Int J Cardiol Congenit Heart Dis. 2024 Feb 15:15:100499. doi: 10.1016/j.ijcchd.2024.100499. eCollection 2024 Mar.

Abstract

Background: Aging is associated with acquired comorbidities that potentially influence the natural history and outcomes of adults with congenital heart disease (CHD). The purpose of this study was to compare the clinical characteristics, as well as the incidence and correlates of all-cause mortality between different age groups.
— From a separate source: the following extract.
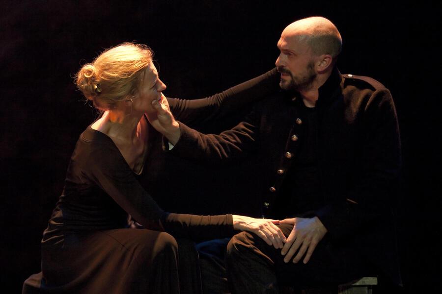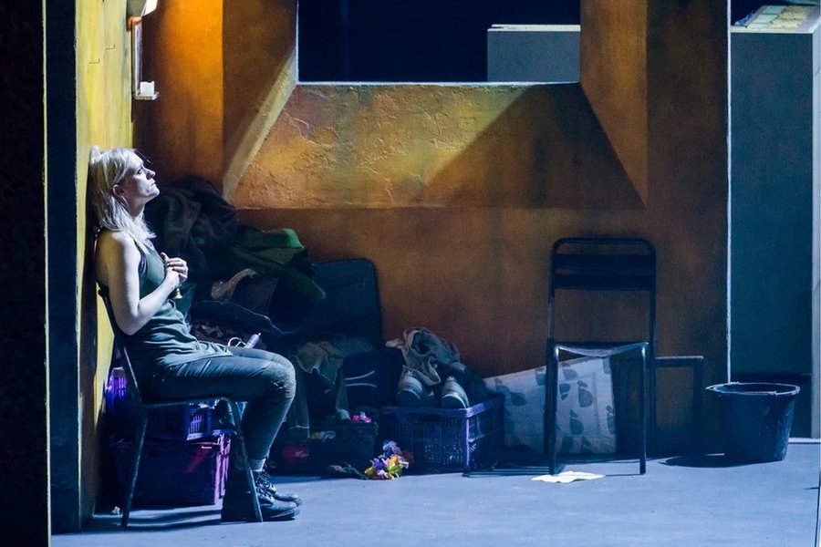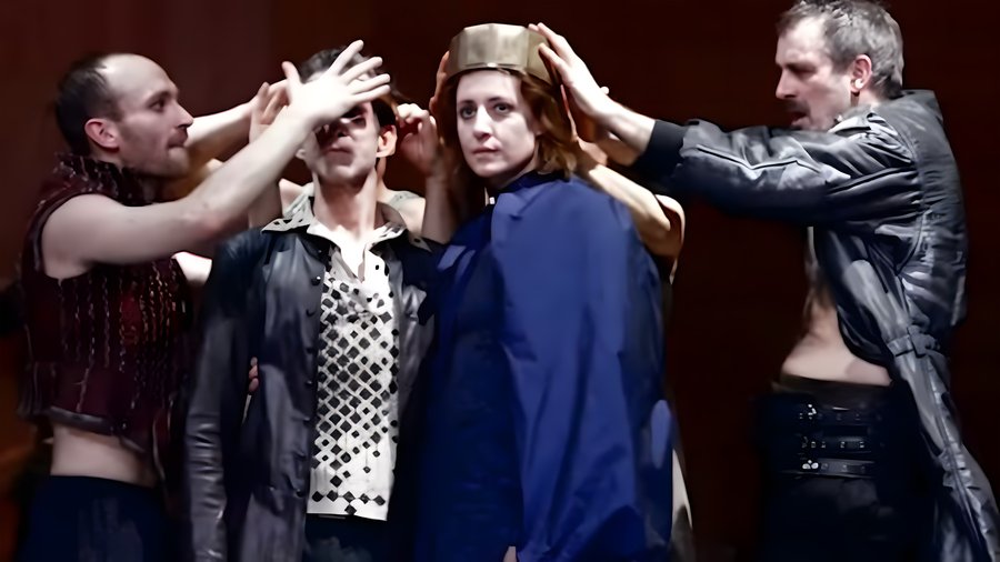 Ангела Винклер играет Леди Макбет как разрушенную фигуру. Её тело напряжено, движения сбивчивы, голос неуверен. Это не властная женщина, а героиня на грани срыва. Она больше страдает, чем управляет.

Method: Adults with CHD were categorized into 3 age groups based on age at baseline encounter: Group 1 (age 18-40 years); Group 2 (age 41-65 years), and Group 3 (age >65 years).

Results: Of 5930 patients (age 37 ± 15 years), 3009 (51%), 2422 (41%), and 499 (8%) were in Groups 1, 2 and 3, respectively. Compared to Group 1, patients in Groups 2 and 3 were less likely to have complex CHD, but more likely to have acquired comorbidities, end-organ dysfunction, ventricular systolic dysfunction, and valvular heart disease. Compared to Group 1, Groups 2 and 3 had higher incidence of all-cause mortality (7.2 versus 15.3 versus 47.8 per 1000 patient-years, respectively, p < 0.001), and lower proportion of deaths from cardiovascular causes (87% versus 77% versus 71%, respectively, p < 0.001). Furthermore, the correlates of all-cause mortality were different between the age groups, with acquired comorbidities such as hypertension, coronary artery disease, and hepatorenal dysfunction being associated with mortality in Group 3, while indices of CHD severity such as number of prior cardiac surgery, and presence of complex CHD being associated with all-cause mortality in Group 1.

Conclusions: These results suggest the need for management strategies tailored to address the correlates of outcomes in each age group.

Keywords: Age; Comorbidities; Congenital heart disease; Prognostication.